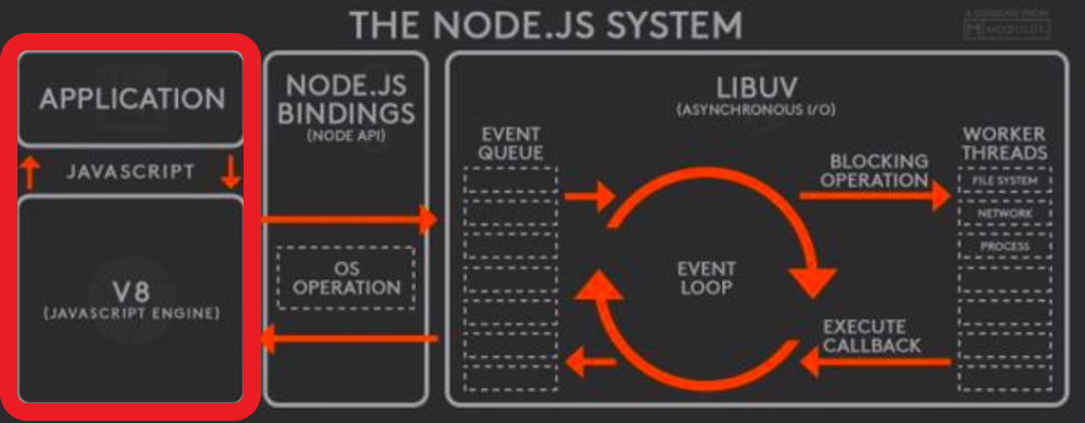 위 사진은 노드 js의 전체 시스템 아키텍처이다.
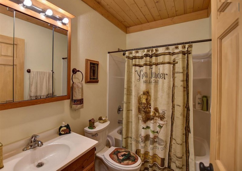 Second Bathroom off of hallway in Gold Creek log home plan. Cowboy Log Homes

----

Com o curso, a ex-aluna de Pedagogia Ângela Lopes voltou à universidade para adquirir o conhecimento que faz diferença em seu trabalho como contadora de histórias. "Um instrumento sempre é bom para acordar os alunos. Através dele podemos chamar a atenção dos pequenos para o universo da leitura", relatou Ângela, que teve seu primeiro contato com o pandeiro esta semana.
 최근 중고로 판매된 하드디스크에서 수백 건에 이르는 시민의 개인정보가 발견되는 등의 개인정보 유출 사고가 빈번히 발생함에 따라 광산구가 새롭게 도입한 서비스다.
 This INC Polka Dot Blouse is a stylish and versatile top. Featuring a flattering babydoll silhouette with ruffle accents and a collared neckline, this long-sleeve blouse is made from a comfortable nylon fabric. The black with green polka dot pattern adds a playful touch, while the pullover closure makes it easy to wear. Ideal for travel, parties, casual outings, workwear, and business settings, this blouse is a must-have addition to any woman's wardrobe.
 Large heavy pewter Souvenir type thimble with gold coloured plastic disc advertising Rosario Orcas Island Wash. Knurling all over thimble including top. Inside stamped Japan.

----

> _ABOUT THIS EXERCISE_
In the data above, find the line containing "위 사진은 노드 js의 전체 시스템 아키텍처이다." and the line containing "Second Bathroom off". Repeat those two lines and everything between them exactly, minus the pictures.

> _SOLUTION TO THE EXERCISE_
 위 사진은 노드 js의 전체 시스템 아키텍처이다.
 Second Bathroom off of hallway in Gold Creek log home plan. Cowboy Log Homes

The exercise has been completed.